Sun Hee pulled back in surprise and looked down, suddenly realizing the amount of cleavage she was showing.

"Oh, sorry," she murmured. Her hands went to her chest to cover her modesty, but there was just the hint of a smirk on her full lips. Then Sun Hee leaned back, showing the full weight of her heavy tits hanging against the stretched fabric of her top, and while she made a careful production of lifting her top back into place, the effect was to make her twins lift and sway dramatically.

Her heavy breasts bounced and heaved on her petite frame in a way that it was a marvel the delicate spaghetti straps could hold them.

My cock swelled in response, and again I had to furtively adjust myself. I had still not worked up the nerve to admit to Sun Hee the way I pined for her, and it felt dirty being unable to control my body's reaction this way.

Sun Hee caught my eye and smirked as I shifted in my chair, before resuming our talk as though nothing had happened.

If I was disappointed she had recovered her modesty, I needn't have been. Somehow moments later amidst our animated conversation, Sun Hee shifted her shoulder in a way that made one of the straps slip right back down again.

My eyes followed it downward.

Again her fingers found their way to the satiny straps. This time Sun Hee aimlessly teased at the strap, tugging it out and away from her arm and tugging it absently, which had the effect of pulling the white cotton of her top tighter across her breasts. Her nipples, already discernable through the thin cotton, seemed to grow more erect.

Sun Hee pulled the strap tighter still, seemingly unaware, until the fabric formed a clear outline around the perky curve of her flesh, and even the shadow of her areola became visible. For a long moment I could see the full heft of her breasts as the impossibly tight cotton clung to every inch of her. Then, finally, she lifted the strap back up into place.

The view was delicious and maddening in equal measure, and when it was gone I sighed audibly.

Yet watching her lift the straps back up onto her shoulders was perhaps even more erotic than when they fell. Sun Hee never seemed to quite manage it though, for some reason; they stayed kind of half up and half down, the thin little satin straps brushing barely against the soft golden skin of her arms.

The straps just hung there in a way that gave me goosebumps.

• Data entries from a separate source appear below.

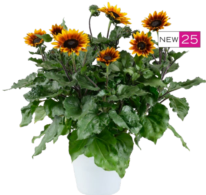
SOL SEEKER™ Bronze Burst
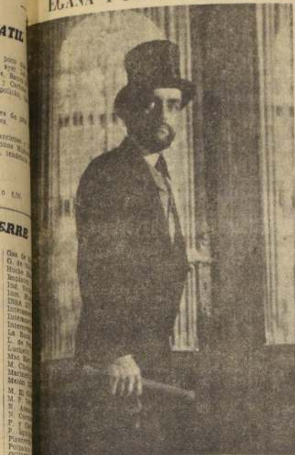
negativo título de "PASIONES SECRETAS", Universal en los teatros Egaña y Pedro de Valdivia, la notable del médico y literato Freud. Con censura, mayores de 16, puede verse esta película admirable, que permite a Montgomery Clift una creación genial.

GRAFIA DE FREUD SE ESTA PROYECTANDO EN LOS CINES EGASA Y PEDRO DE VALDIVIA
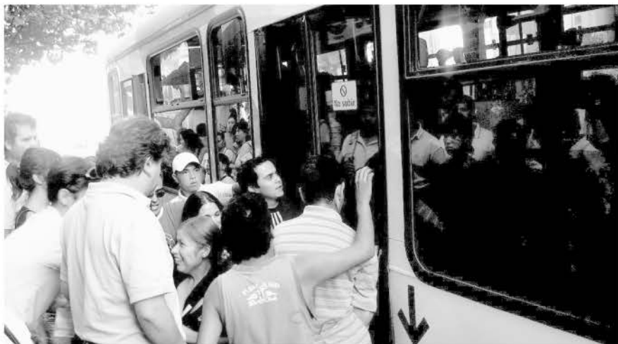
CAOS EN EL TRANSANTIAGO

Durante el gobierno de la presidenta Bachelet el número de las personas más pobres creció en 355 mil habitantes, dejando en evidencia la ineficacia de la red social con la que justificaba el sentido de su gobierno, produciéndose el primer aumento del índice de la pobreza en el país en 23 años.
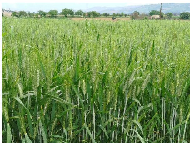
Grano duro – spigatura (BBCH 59)

La coltura si trova generalmente nella fase fra botticella e fine spigatura (BBCH 41 - 59) .

Try to imagine how helpless and aroused I felt, watching with bated breath and utterly impotent to touch this girl who so completely controlled my arousal.

Then, as we talked together about a Giacometti sculpture we both liked, Sun Hee's finger teased idly with the strap of her left shoulder. Vivid memories played through my head of what it felt like to trace my own finger along the hollow at the base of her neck and across her clavicle. My mind strained to will her fingers likewise, to tug down the delicate little strap... just a little bit. If only her fingers would pull it downward a little, tug it down her shoulder, and reveal just a hint... just the top of her breasts...

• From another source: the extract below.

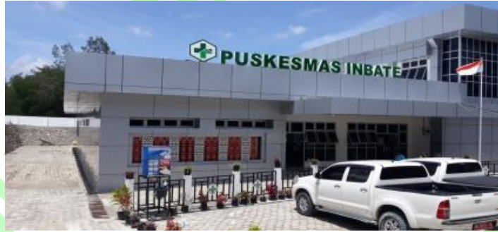
Gambar Tampak depan bangunan puskesmas 2.
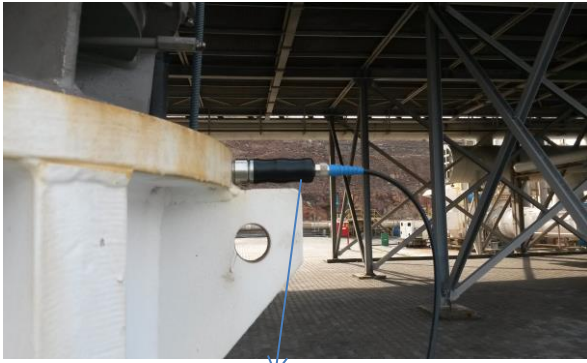
Y yönü (Y side)

"Are you listening?" Sun Hee interrupted. Without fully realizing it my gaze had fixated entirely on her left shoulder when her words yanked me back to reality.

"Yes, yes, sorry," I said, carefully looking back at her, and I felt myself blush as our eyes met. What I saw wasn't anger but amusement. I was pretty sure I was busted.

I shifted awkwardly in my chair, feeling myself stiffen and swell in my jeans. Oddly, being caught only seemed to arouse me further. Still, I tried hard to pretend nothing had happened, that I hadn't been caught staring, and did my best to resume the conversation. I stammered through an answer to her question about the sculpture, but already Sun Hee's fingers had found their way back to her shoulder and were teasing the strap a little lower.